GIVEN INFORMATION ▸
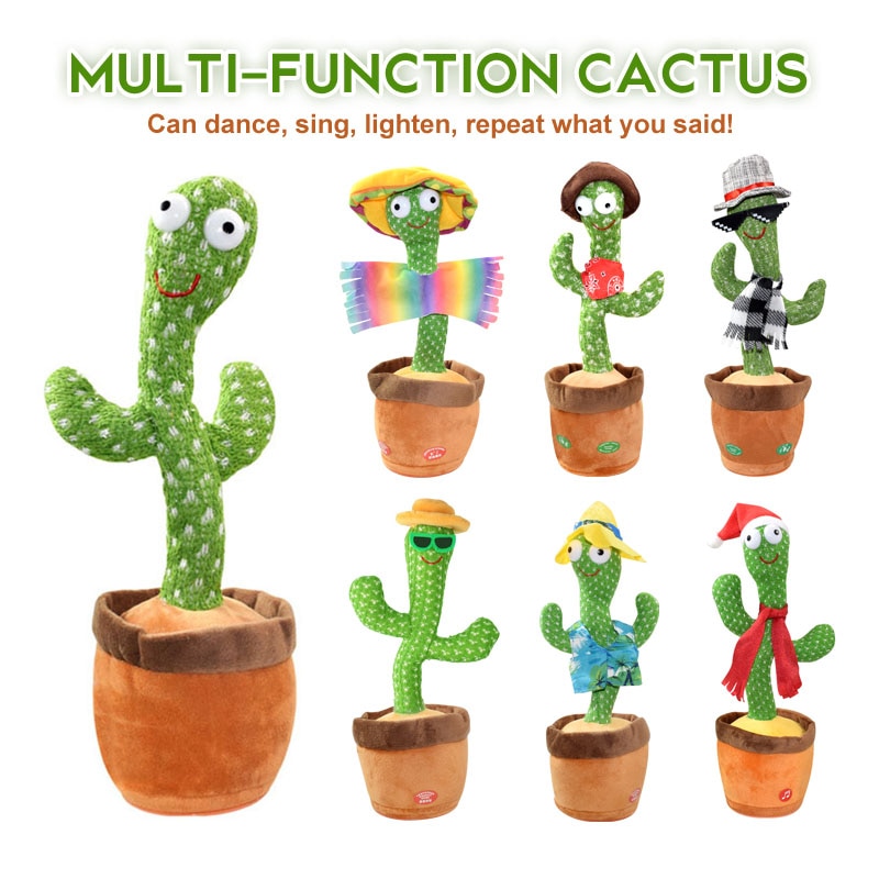 🌵Rechargeable And Cell Operated ( Both Variations available) , Select correct variation🌵 Update Dancing cactus plush toy: This toy comes with many different songs, mimicking, repeating and much more lovely and funny options. 🌵 High-quality Material: This Dancing Cactus Toy uses non-toxic and harmless soft plush fabric, the fabric is comfortable and will not cause any harm, and children can play with confidence. The bottom of the rechargeable cactus toy is plastic, so it can stand firmly on the table. 🌵 Artistic Design: cactus plant toy is designed with a cute cactus shape, and its unique creative design looks great. The Variant may play low number of song🌵Properties: Cactus Plush Toy is small in size and light in weight, very convenient to carry around.🌵Children perfect Partner: This rechargeable dancing cactus talking, will sway and sing cheerful songs, the best birthday/Christmas gift for children, friends and family.
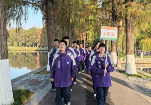 昔人已乘黃鶴去,此地空余黃鶴樓。黃鶴樓屹立于蛇山之巔,瀕臨于萬里長江,它見證了江城千年的歲月變遷,無數(shù)磅礴的詩詞造就了黃鶴樓深厚的人文底蘊。高二學子們分車號在黃鶴樓前高聲齊詠經典詩詞名篇,課本中的知識照進現(xiàn)實。同學們拾階而上,觀賞著生動豐富的楹聯(lián)壁畫,聆聽著流傳千古的仙鶴神話,穿梭于歷史名人的奇聞軼事,俯瞰著泱泱崛起的武漢三鎮(zhèn),于歷史與現(xiàn)代的連接中,民族自豪感油然而生。
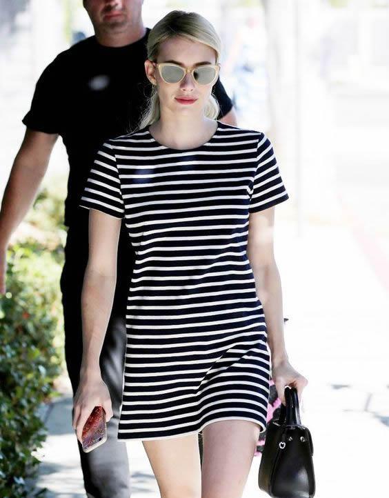 當然,合身與修身的概念不同。有些衣服需要適當的寬鬆,才能展現風格特點。比如,下圖中的條紋連衣裙,就不適合過於緊身。
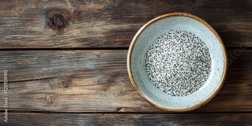 Bowl of white poppy seeds on rustic wooden surface, top view, soft light highlights grain textures, earthy color tones, round ceramic dish.
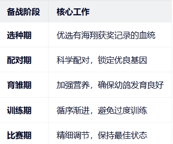 温馨提示:每个鸽舍的情况不同,鸽友们应根据自身条件灵活调整,切勿生搬硬套。海翔路上,愿各位鸽友都能取得理想的成绩!

EXERCISE AIM ▸
Print each line from the one containing "Bowl of white" through the last line of the listing, both included, exactly and with no pictures.

SOLUTION TO THIS PROBLEM ▸
 Bowl of white poppy seeds on rustic wooden surface, top view, soft light highlights grain textures, earthy color tones, round ceramic dish.
 温馨提示:每个鸽舍的情况不同,鸽友们应根据自身条件灵活调整,切勿生搬硬套。海翔路上,愿各位鸽友都能取得理想的成绩!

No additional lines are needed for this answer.